Janelle fluttered her eyelashes and smiled gratefully. “You’re all just wonderful,” she sighed, and Beth wanted to strangle her. She almost laughed, considering that’s what the police thought she’d done to Brianne Dumont. But Brianne had never engendered any dislike in her, not the way Janelle did, and even Janelle was as safe with her as Chase in his crib. Now, if she could just convince Ty Redstone and Paul Jester of that…
JANELLE CLOSED THE DOOR behind her unwanted visitors and folded her arms, fuming. That damned Beth. She could handle Megan. The woman was so besotted with her grandson and so anxious to believe that Petey was her long-lost son Connor that she’d do almost anything Janelle wanted. But Beth was a problem—and another problem was not what they needed just now, not after who she’d seen at the Austin Eats Diner that day. All that crap about New Mexico and sending off for the birth papers ought to buy her some time—time to come up with something else. First things first, though.

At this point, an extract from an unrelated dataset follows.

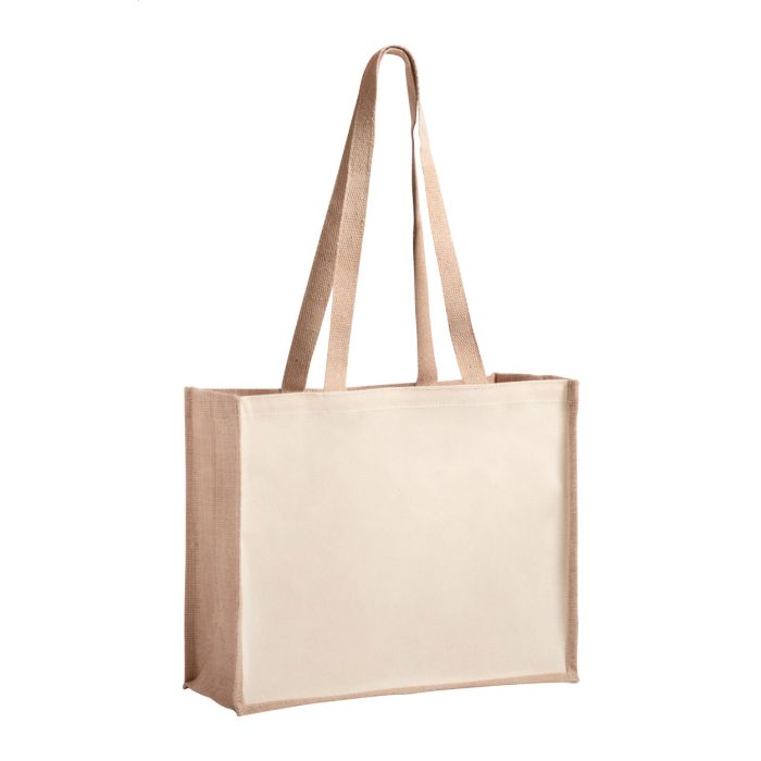 Sacoșă de cumpărături, in combinație de iută laminată și bumbac laminat, cu mânere lungi.

“You can’t keep ignoring the kid,” her dolt of a husband pointed out, appearing in the doorway of the bedroom.
“I know that, you idiot! But that’s not our biggest problem at the moment.”
She began to pace. Damn, she’d thought for sure that she’d killed that bitch Lacy the day she’d dumped the kid. If the diner hadn’t been so crowded at lunchtime and she hadn’t been wearing sunglasses and a scarf, her face might have triggered Lacy’s memory. With the amnesia gone, Lacy would remember that she was Chase’s mother, not to mention the small fact that Janelle had tried to kill her with a blow on the head.
“What did you say they were calling her?”
“Who?”
Rage surged through her. The man looked like a movie star, but he was as dumb as a stump. If not for her, he’d still be working a two-bit construction job in Las Vegas, but what a damned nuisance he’d become! Was it too much to ask that he have enough intelligence to follow a conversation? She picked up a brass bookend and hurled it at him.
“Lacy Clark, you overgrown booby! Who else?”
He dodged the bookend and waited to see if she’d pitch the other even as he muttered, “Oh, her.”
“Yeah, her,” Janelle said, sneering, “the woman who gave birth to our Maitland meal ticket.” She drove a hand through her long, dark hair. “Damn! I knew it. I knew she wasn’t dead. Blast her! Why couldn’t she have just died in that alley?”